━━━ STUDY MATERIAL ━━━

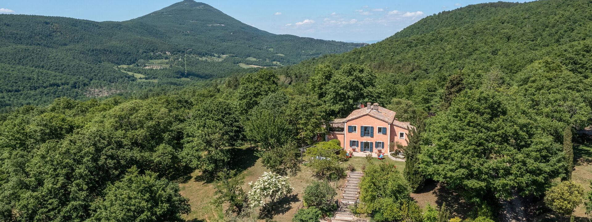 Un'ampia scala in mattoni di cotto fatto a mano conduce al piano superiore che si apre sul soggiorno con camino e sul terrazzo coperto con vista sul giardino e sul bosco,
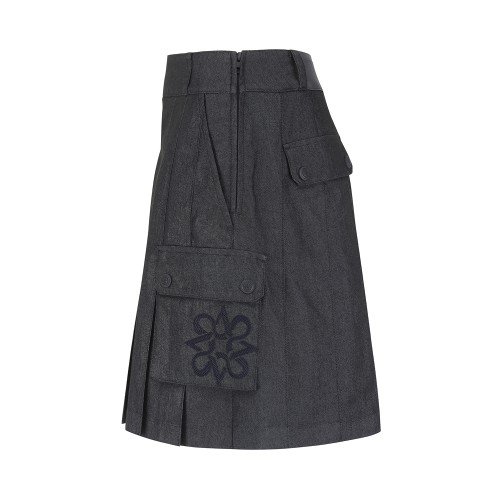 여성 벨티드 카고 포켓 백 밴딩 큐롯 스커트
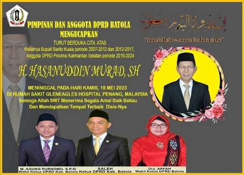 Iklan Ucapan Dukacita DPRD BATOLA admin20 Mei 2023 Iklan Ucapan Dukacita DPRD BATOLA Pos terkaitKetua DPRD HSS Tinjau Pelayanan IGD dan Farmasi RSUD Brigjend Hasan BasryAdrizal Nilai Pembangunan Banjarbaru Semakin Nyata Setahun TerakhirBatola Siap Jadi Tuan Rumah MTQ Nasional XXXVII Tingkat Provinsi Kalsel 2026 Empat Desa di Batola Raih Penghargaan Desa Peduli Stunting 2026Pemkab Batola Gelar Rakor Percepatan Imunisasi, Tekankan Kolaborasi dan InovasiHUT ke-23 Balangan, Sri Huriyati Hadi Ajak Masyarakat Perkuat Kebersamaan Bangun Daerah
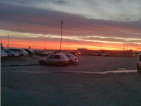 כדי להתאוורר מסיפורו הקשה של ח' יצאנו קצת החוצה לצפות בזריחה. במחסום הרכב כבר נשמעים צפצופים נרגזים. בחזרה בפנים נשמעות מדי פעם אמירות ברמקול מעמדות הבידוק (בעיקר של חיילת אחת) שהתקשינו להבין. הבנו שאנשים מבוגרים שנכנסים ללא היתר נדרשים להמתין לשעה 8. במקרה אחד שמענו חייל מורה למישהו לחזור בשעה 7, כנראה היה לו היתר החל מ-7.
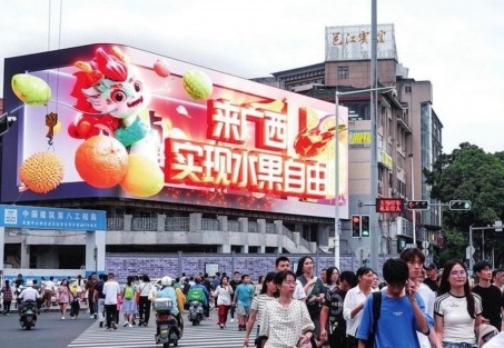 “來廣西實現水果自由”的宣傳片出現在中山路裸眼3D廣告大屏上,鮮活生動。
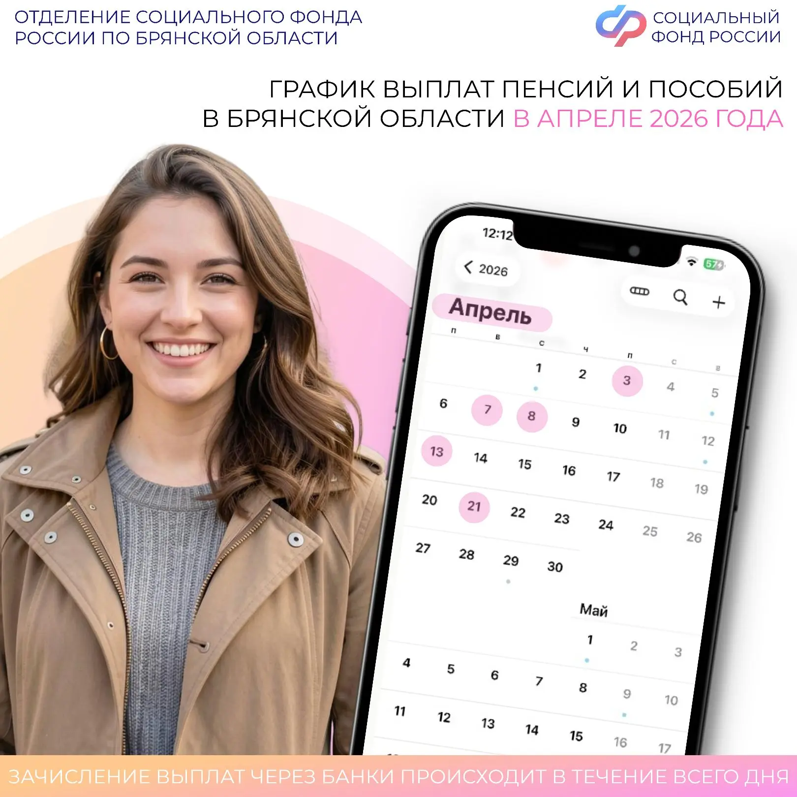 📝 Заявление на выплату принимается с 1 июня до 1 октября года, следующего за тем, за который исчислен НДФЛ. Подать можно в МФЦ, на Госуслугах или в Отделении СФР по Брянской области.
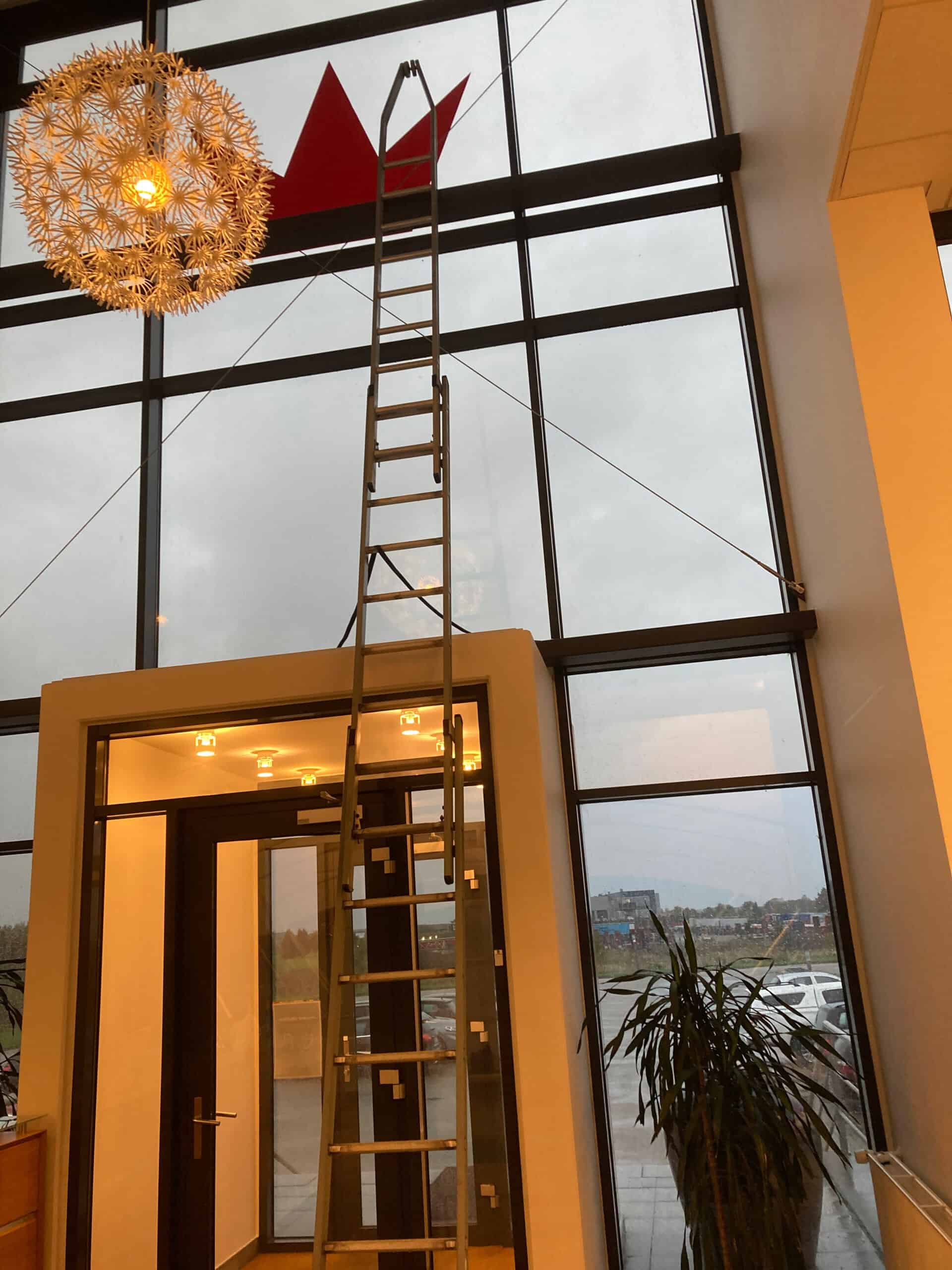 • Indvendig vinduespudsning i erhvervslokaler med højt til loftet
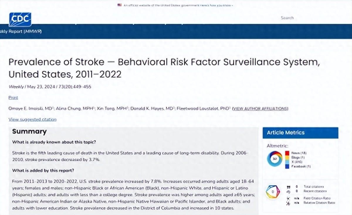 上述報告分析了2011年至2022年美國50個州和華盛頓特區的522.5萬名受訪者,發現美國中風的患病率從2011~2013年的2.7%上升至2020~2022年的2.9%,增幅爲7.8%,這一增長與2006~2010年中風患病率下降3.7%形成鮮明對比。單從數據來看,雖然2020~2022年期間,美國65歲及以上成年人的中風患病率最高(7.7%),18~44歲年輕人的中風患病率最低(0.9%),但從2011年到2022年,美國65歲以下成年人的中風患病率增加了約15%,其中45~64歲人羣增加了15.7%,18~44歲年輕人增加了14.6%,年輕化趨勢非常明顯。
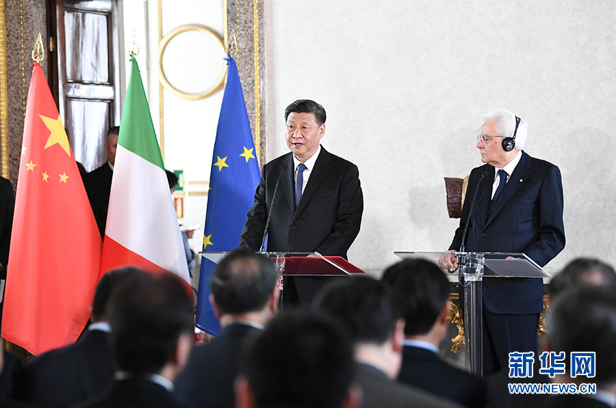習近平強調(diào),明年是中意建交50周年,兩國將互辦文化旅游年,各領(lǐng)域合作將迎來新的機遇。中方愿同意大利各界一道努力,推動兩國關(guān)系在互利共贏大路上行穩(wěn)致遠,為促進中歐互聯(lián)互通乃至世界發(fā)展繁榮作出新的貢獻。希望中意企業(yè)界、文化界人士在各自領(lǐng)域為兩國合作貢獻更多智慧和力量。
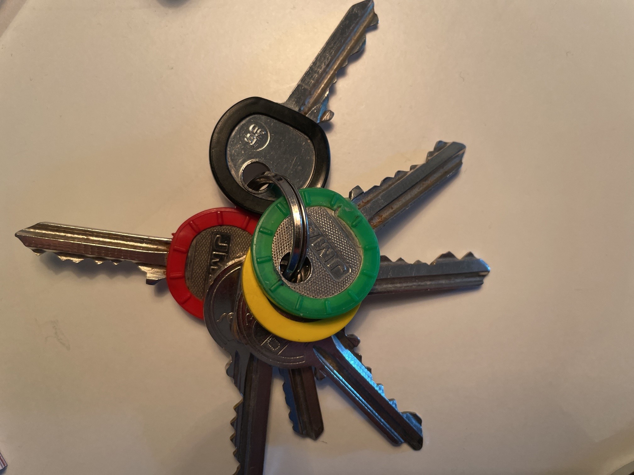 Svart nyckel - grind till gatan Grön nyckel - dörr till altan baksida En av de utan färg - garage/poolrum (högra dörren)

━━━

The data above is to be printed exactly, all of it, except for the pictures.

 Un'ampia scala in mattoni di cotto fatto a mano conduce al piano superiore che si apre sul soggiorno con camino e sul terrazzo coperto con vista sul giardino e sul bosco,
 여성 벨티드 카고 포켓 백 밴딩 큐롯 스커트
 Iklan Ucapan Dukacita DPRD BATOLA admin20 Mei 2023 Iklan Ucapan Dukacita DPRD BATOLA Pos terkaitKetua DPRD HSS Tinjau Pelayanan IGD dan Farmasi RSUD Brigjend Hasan BasryAdrizal Nilai Pembangunan Banjarbaru Semakin Nyata Setahun TerakhirBatola Siap Jadi Tuan Rumah MTQ Nasional XXXVII Tingkat Provinsi Kalsel 2026 Empat Desa di Batola Raih Penghargaan Desa Peduli Stunting 2026Pemkab Batola Gelar Rakor Percepatan Imunisasi, Tekankan Kolaborasi dan InovasiHUT ke-23 Balangan, Sri Huriyati Hadi Ajak Masyarakat Perkuat Kebersamaan Bangun Daerah
 כדי להתאוורר מסיפורו הקשה של ח' יצאנו קצת החוצה לצפות בזריחה. במחסום הרכב כבר נשמעים צפצופים נרגזים. בחזרה בפנים נשמעות מדי פעם אמירות ברמקול מעמדות הבידוק (בעיקר של חיילת אחת) שהתקשינו להבין. הבנו שאנשים מבוגרים שנכנסים ללא היתר נדרשים להמתין לשעה 8. במקרה אחד שמענו חייל מורה למישהו לחזור בשעה 7, כנראה היה לו היתר החל מ-7.
 “來廣西實現水果自由”的宣傳片出現在中山路裸眼3D廣告大屏上,鮮活生動。
 📝 Заявление на выплату принимается с 1 июня до 1 октября года, следующего за тем, за который исчислен НДФЛ. Подать можно в МФЦ, на Госуслугах или в Отделении СФР по Брянской области.
 • Indvendig vinduespudsning i erhvervslokaler med højt til loftet
 上述報告分析了2011年至2022年美國50個州和華盛頓特區的522.5萬名受訪者,發現美國中風的患病率從2011~2013年的2.7%上升至2020~2022年的2.9%,增幅爲7.8%,這一增長與2006~2010年中風患病率下降3.7%形成鮮明對比。單從數據來看,雖然2020~2022年期間,美國65歲及以上成年人的中風患病率最高(7.7%),18~44歲年輕人的中風患病率最低(0.9%),但從2011年到2022年,美國65歲以下成年人的中風患病率增加了約15%,其中45~64歲人羣增加了15.7%,18~44歲年輕人增加了14.6%,年輕化趨勢非常明顯。
習近平強調(diào),明年是中意建交50周年,兩國將互辦文化旅游年,各領(lǐng)域合作將迎來新的機遇。中方愿同意大利各界一道努力,推動兩國關(guān)系在互利共贏大路上行穩(wěn)致遠,為促進中歐互聯(lián)互通乃至世界發(fā)展繁榮作出新的貢獻。希望中意企業(yè)界、文化界人士在各自領(lǐng)域為兩國合作貢獻更多智慧和力量。
 Svart nyckel - grind till gatan Grön nyckel - dörr till altan baksida En av de utan färg - garage/poolrum (högra dörren)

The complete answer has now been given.